Szpital w Toruniu wspominam bardzo ciepło, a oddział hematologii, którego jakość zawdzięczamy jego twórczyni Pani doktor Małgorzacie Całbeckiej, bardzo dobry. Zarówno lekarze jak i pielęgniarki oraz cały personel pomocniczy to wspaniali ludzie. Życzliwi, cierpliwi, ciepli dla pacjentów i wyrozumiali. Mieli tyle pracy i codziennych kłopotów, a podchodzili do tego profesjonalnie i bez pretensji do świata, że mają tak trudne obowiązki. Nie wszędzie tak jest, wiem co mówię. Bardzo mi się podobała organizacja pracy na oddziale, była dostosowana do potrzeb pacjentów i wygody personelu. Nie bałam się co tydzień jeździć na dzienny oddział, bo miałam do dyspozycji sale, na których mogłam poleżeć, odpocząć, poczytać gazety a pielęgniarki i Pani doktor Weronika Piszczek (opiekowała się mną) przychodziły wtedy, kiedy było to zaplanowane lub wynikało z procedur. Ja cały dzień poświęcałam na wizytę w szpitalu, nic innego nie miałam w planach.

Na parterze był dobry bar z jedzeniem, gdzie chodziłam na śniadania i obiady. Pobyt zwykle tygodniowy w szpitalu też nie był uciążliwy dla mnie poza jednym – bałam się sali z telewizorem wiecznie włączonym. Wolałam leżeć w przedsionku, żeby tylko nie być narażaną na jazgot TV – było to dla mnie bardzo trudne psychicznie. Pacjenci puszczali na cały dzień TV bez względu na to, co w niej się działo, a ja nie mgłam czytać, słuchać ulubionej muzyki, wyciszyć się, pomyśleć, popracować – koszmar dla mnie a słuchawki nie pomagały, bo były  nieszczelne i głowa od nich bolała. Czasem uciekałam do „świetlicy”, jak nie była zajęta, ale po 3 godzinach siedzenia potrzebowałam łóżka, żeby się zdrzemnąć i już był kłopot. Negocjowałam więc z lekarzami miejsce mojego pobytu, zdarzało się także, jak nie było miejsc na oddziale, ze był to hotel obok szpitala, co było dla mnie bardzo dobre, bo byłam sama ze sobą. Piękne było także to, że przy salach pacjentów były aneksy kuchenne i mogłam do szpitala przyjechać ze swoją maszyną do kawy. Codzienny rytuał poranny został spełniony.
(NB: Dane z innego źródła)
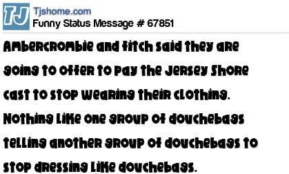 X is Ambercrombie and fitch said they are going to offer to pay the Jersey Shore cast to stop wearing their clothing. Nothing like one group of douchebags telling another group of douchebags to stop dressing like douchebags.
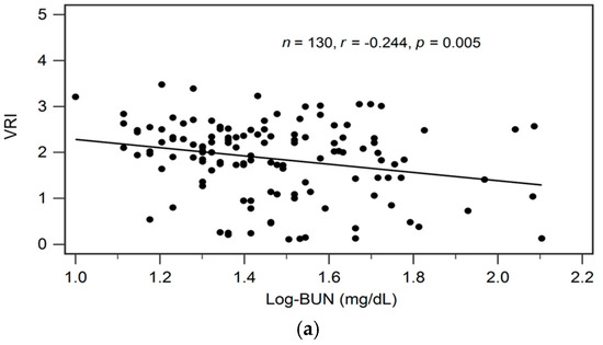 By univariate linear regression analysis, we detected a negative correlation between logarithmically transformed BUN (log-BUN, r = −0.244, p = 0.005), and a positive correlation between serum adiponectin (r = 0.512, p < 0.001) and eGFR (r = 0.230, p = 0.008), respectively, and VRI values in patients with CKD (Table 2). In addition, adjustments for variables significantly associated with VRI values in univariate linear regression analysis revealed a significant and independent negative, and a significant independent positive association between log-BUN (standardized β = −0.176, adjusted R2 change = 0.025; p = 0.021), and adiponectin (standardized β = 0.487, adjusted R2 change = 0.256; p < 0.001), respectively, and VRI values in patients with CKD by multivariate stepwise linear regression analysis (Table 2).
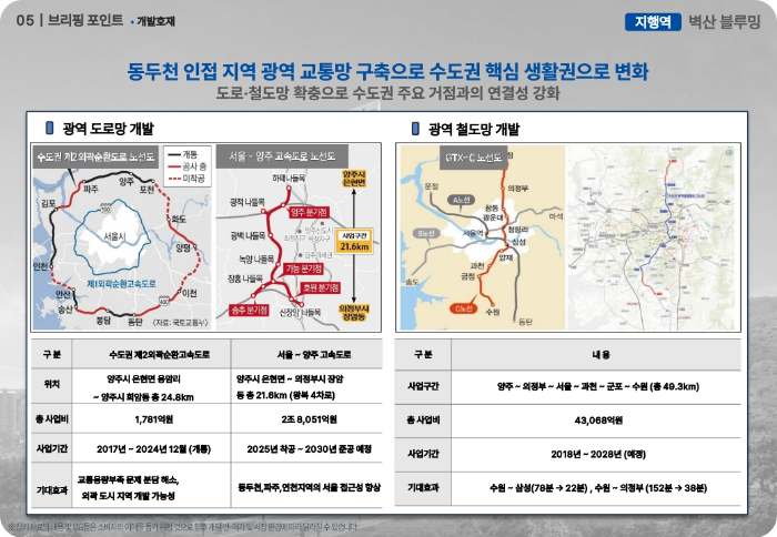 처음 동두천이라는 지역을 접했을 때는 솔직히 선입견이 있었습니다. 하지만 자료를 찾아보고 현황을 파악하면서 경기 북부 지역이 새로운 성장 중심지로 떠오르고 있다는 걸 알게 됐습니다. 특히 GTX-C 연장이나 국가산업단지 같은 건 단순히 계획 단계에 머물러 있는 게 아니라, 이미 예산이 투입되고 공사가 시작된 확실한 사업들입니다. 지금 시점에서는 다른 수도권 지역에 비해 상대적으로 저평가된 느낌이지만, 몇 년 뒤에는 경기 북부의 중심 주거지로 자리매김할 가능성이 충분해 보입니다. 부동산은 결국 미래 가치에 투자하는 거잖아요. 그런 관점에서 이 지역은 지금 눈여겨볼 만한 곳이라고 판단됩니다.

Poznałam w szpitalu wielu pacjentów – czasem przemiłych osób, czasem wręcz przeciwnie – bardzo różnych charakterologicznie, co jest dla mnie ciekawe, bo lubię obserwować ludzi, ich reakcje, zachowania, lubię z nimi rozmawiać, choć nie za długo, lubię poznawać historie ich życia. Okazuje się, że są dość wylewni w swoich opowieściach, chcą rozmawiać w szpitalu dla zabicia czasu, dla wymiany doświadczeń związanych z chorobą, dla poprawy nastroju, żeby się pożalić na swój los, o rzeczach pomagających załatwić sprawy urzędowe. Skorzystałam z tego, bo dowiedziałam się od nich że powinnam skorzystać z przysługujących mi państwowych ulg i świadczeń, o których nic nie wiedziałam. Załatwiłam dzięki temu dodatek pielęgnacyjny w ZUS, orzeczenie o niepełnosprawności, wypłaty z ubezpieczenia – wszystko ważne, bo obniżające koszty leczenia, które przecież są zawsze wysokie. Jednym słowem warto być życzliwym, rozmawiać z ludźmi i dzielić się wiedzą, wszystkie strony na tym korzystają.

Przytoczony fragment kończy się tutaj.